Thus, the flexible printed circuit board 200 may bend in a specific
direction from the rigid printed circuit board 300 to be combined
with the pack terminals P+ and P-.
[0050] Here, the rigid printed circuit board 300 may be commonly
formed by using an epoxy resin and/or a phenol resin as main
materials and may include circuit patterns formed on the surface
thereof. Since the epoxy resin and/or the phenol resin are
relatively thick, heavy and rigid, the rigid printed circuit board
300 may not bend well. The basic structure of the rigid printed
circuit board 300 is well known to a person in the art, and an
explanation thereof will be omitted.
[0051] Flexible printed circuit board (FPCB) 200 is also called as
flexible wire (FW) or flexible circuitry (FC), and is formed by
using polyimide and/or polyethylene terephthalate (PET) as main
materials, with circuit patterns arranged on the surface thereof.

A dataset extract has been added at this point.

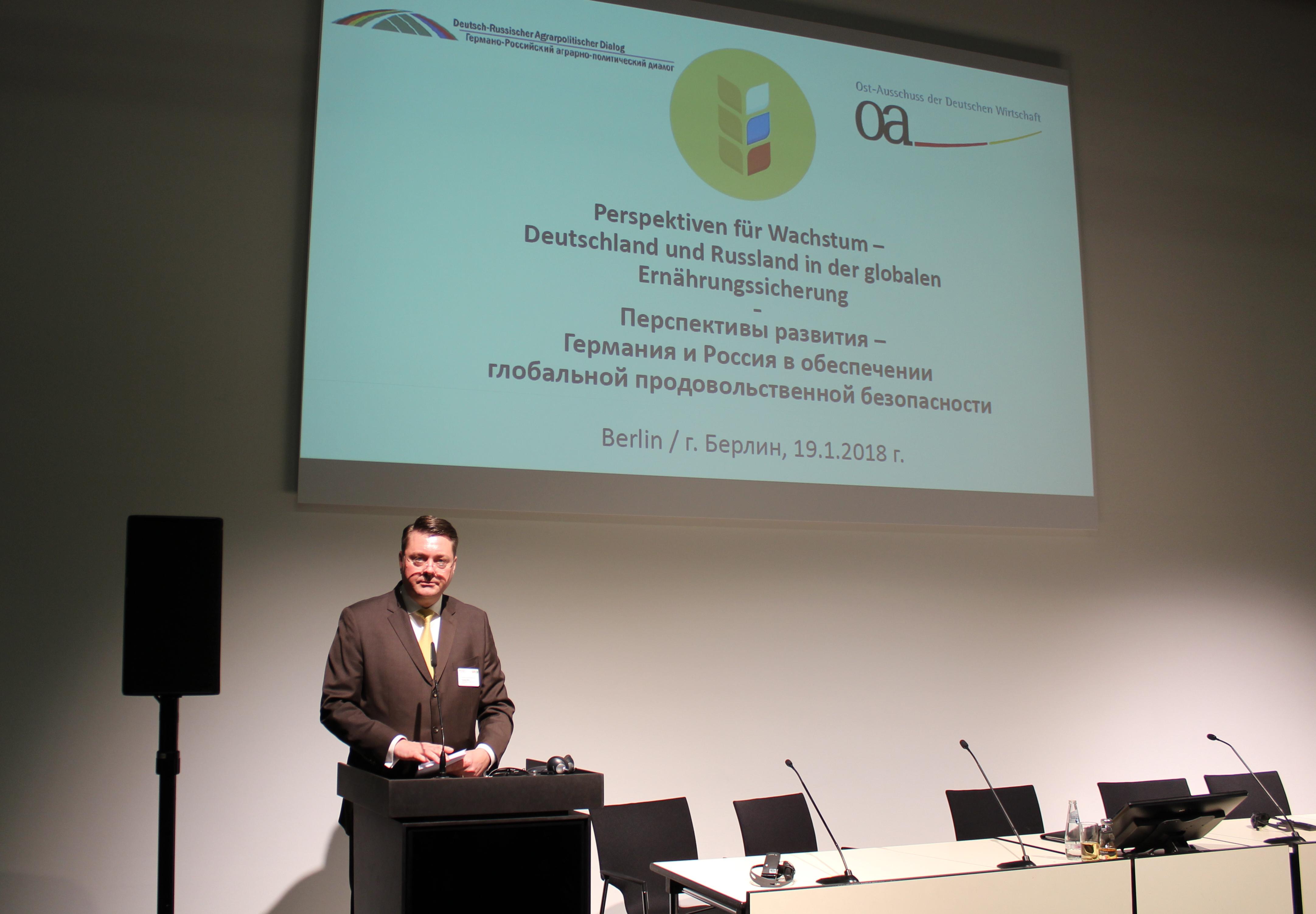 Die Rückkehr Russlands auf die Grüne Woche in Berlin nach zweijähriger sanktionsbedingter Abstinenz stieß auf großes Interesse: Über 140 Teilnehmer lockte die Podiumsdiskussion „Perspektiven für Wachstum – Deutschland und Russland in der globalen Ernährungssicherung“ an, die die AG Agrarwirtschaft beim Ost-Ausschuss der Deutschen Wirtschaft am 19. Januar gemeinsam mit dem russischen Landwirtschaftsministerium und dem Deutsch-Russischen Agrarpolitischen Dialog organisierte. Trotz bestehender Sanktionen äußerte sich der stellvertretende russische Landwirtschaftsminister Jewgenij Gromyko ausgesprochen optimistisch zu möglichen Kooperationen.

Polyimide and/or PET are relatively light, thin and flexible, and
so the flexible printed circuit board 300 may bend well.
[0052] Hereinafter, the flexible printed circuit board will be
referred to as a first circuit board, and the rigid printed circuit
board will be referred to as a second circuit board for the
convenience of explanation. The first circuit board includes a
first circuit pattern and a first base insulating layer, and the
second circuit board includes a second circuit pattern and a second
insulating layer.
[0053] Turning now to FIGS. 2A to 2D, FIG. 2A illustrates a plan
view of a circuit board according to an embodiment, FIG. 2B
illustrates a bottom view, FIG. 2C illustrates a cross-sectional
view of FIG. 2A cut along a line 2c-2c, and FIG. 2D illustrates a
cross-sectional view of FIG. 2A cut along a line 2d-2d.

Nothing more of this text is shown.